Patrik: "No, we can't have any downtime for this app. Everyone needs to run their reports. We need to make the changes without a maintenance window."
Devin: "Uhhhhhh...."
Devin: Googling "How to make database changes with no downtime; Migrate tables without downtime; How to hot swap a data model"
Do not worry Devin! Changing models without downtime, while tedious, can be done rather easily. First, let us look at where we need to get to:
And remember, where we are:
Patrik's requirements pair up to be a one-two punch: change the structure of our database, carry the pre-existing data into the new model, and all without any interruption of service. I have used six simple steps to accomplish just that, more than once, where there could be zero interruption of service and there could be zero data loss or corruption. Here is how I do it:
- Implement new models
- Write to both models
- Backfill old to new
- Read from new models
- Stop writing to old models
- Remove old models
Or IWBRSR for short (alright, alright I'll stop). That's it. That's the whole article. Simple, but effective.
Working through Devin's conundrum, our six steps would work out like this. First, Devin must add the join table we need for the many-to-many relationship between employees
and stores
. However, Devin does not remove the old foreign key from employees
to stores
(yet).
With this database structure change made; Devin now begins adjusting the code wherever an insert, update, or delete is made that affects the foreign key from employees
to stores
to also insert, update, or delete a corresponding employeestores
record. (These code changes do not even need to all be in a single release; anything not correctly mirrored between the old and new models will be handled by the next step).
After those changes, Devin has completed steps 1 and 2. Devin can now prepare a backfill. For each relationship that the old foreign key has that the new join table does not have, Devin will create a row on the join table between employees
and stores
. Since all new activity keeps the relationships that the new join table and the old foreign key have in sync (from the code changes of step 2), once Devin completes this backfill the old model and the new model are perfect mirrors and will stay perfect mirrors of each others' data.

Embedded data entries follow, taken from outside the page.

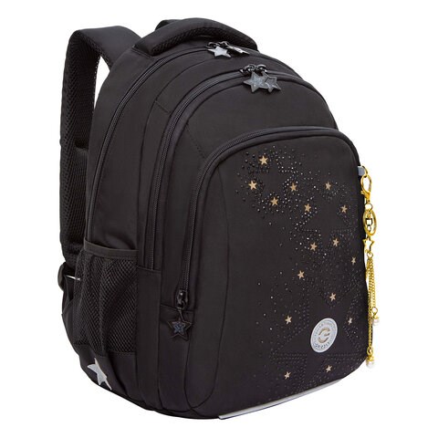 Рюкзак GRIZZLY школьный, анатомическая спинка, 3 отделения, для девочек, "GOLDEN&BLACK", 40х27х20 см, RG-561-2/1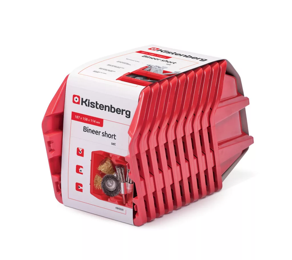 A Kistenberg Bineer Short tárolódoboz készlet forradalmasítja a műhelyi tárolást. A 10 darabos készlet tartós polimerből készült, egymásra építhető tárolódobozokból áll, amelyek optimális megoldást kínálnak szerszámok, csavarok és egyéb műhelyi kellékek tárolására.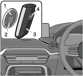 プッシュボタンスタート/パワースイッチ機能に異常があるときは、プッシュボタンスタート/パワースイッチの表示灯 (橙) が点滅します。この場合でもエンジン/ハイブリッドシステムを始動できることがありますが、ただちにマツダ販売店で点検を受けてください。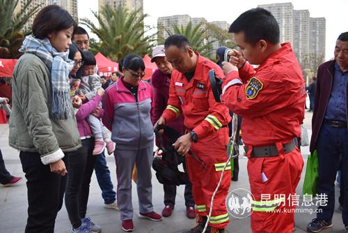 各機(jī)構(gòu)工作人員在現(xiàn)場為市民們提供憲法、安全生產(chǎn)法等法律法規(guī)解讀,并為市民發(fā)放應(yīng)急救援資料。而在裝備展示區(qū),來自昆明市森警支隊、昆明市公安消防支隊、云天化天安救援隊、云南陸搜救援隊等機(jī)構(gòu),現(xiàn)場展示的探測儀、救生艇等一批防災(zāi)減災(zāi)救災(zāi)器材和裝備,也吸引了很多市民駐足觀看了解。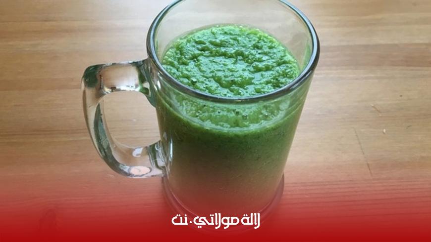 • المكونات : ثمرة كبيرة من الخيار بقشورها + ثمرة من التفاح الأخضر + عود من الكرفس + عصير ليمونة + كوبين من الحليب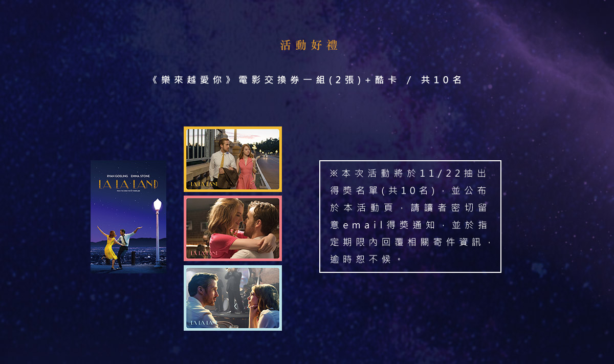 - 本活動之活動時間為即日起~2016/11/20,以台灣時間為基準。得獎名單將於11/22公佈於活動頁,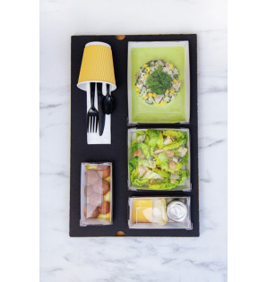 Kit couverts Luxor en PS noir très qualitatifs, composé d'une fourchette, un couteau, une cuillère, une serviette, sel et poivre. Avec leur design contemporain, ils sont agréables à utiliser, lavables et réemployables. La gamme Luxor se décline en 4 kits : - en noir brillant, kits 4/1 et 6/1 KL41N et KL61N - en transparent, kits 4/1 et 6/1 KL41C et KL61C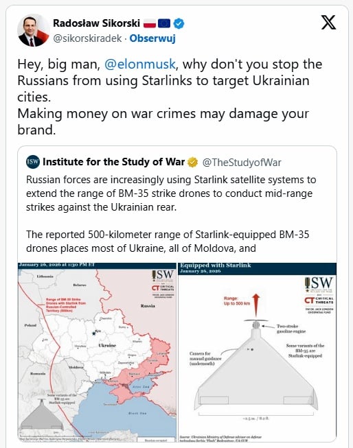 “Hej, wielki człowieku, czemu nie powstrzymasz Rosjan przed używaniem Starlinków do atakowania ukraińskich miast? Zarabianie pieniędzy na zbrodniach wojennych może zaszkodzić twojej marce” – napisał szef polskiej dyplomacji w mediach społecznościowych (X).

At this point, it may be a good idea to pause for a step 3.5 where we inspect the database to make sure the new and old models are in fact perfect mirrors of each other (like I just claimed).
Once satisfied, we can move on to step 4 and the work will be downhill from here. Devin begins making code changes wherever employees
and stores
are queried to use the new join table instead of the old foreign key. (Like step 2, this also does not need to be released at once; since the old and new models mirror one another, reading data from one gives the same results as reading from the other until step 5).
Step 5, Devin is almost done! At this point, the new model effectively runs the application (being written to and read from). Devin can safely go to those places they changed in step 2 and remove the inserts, updates, and deletes to the old foreign key. (Again, this does not need to be done in a single release).
To put the cherry on top, Devin goes in and drops the old foreign key column from employees
. Completing step 6 and leaving Patrik with what they wanted, with absolutely no downtime!
Now, this was a somewhat contrived and simple example. When doing this for real many, many complications can arise in each step. But, the steps are exactly the same! They work well because each step can be done in parts and redone, little by little, iteration by iteration, until the step works correctly and the next step can be undertaken. So remember, IWBRSR:
- Implement new models
- Write to both models
- Backfill old to new
- Read from new models
- Stop writing to old models
- Remove old models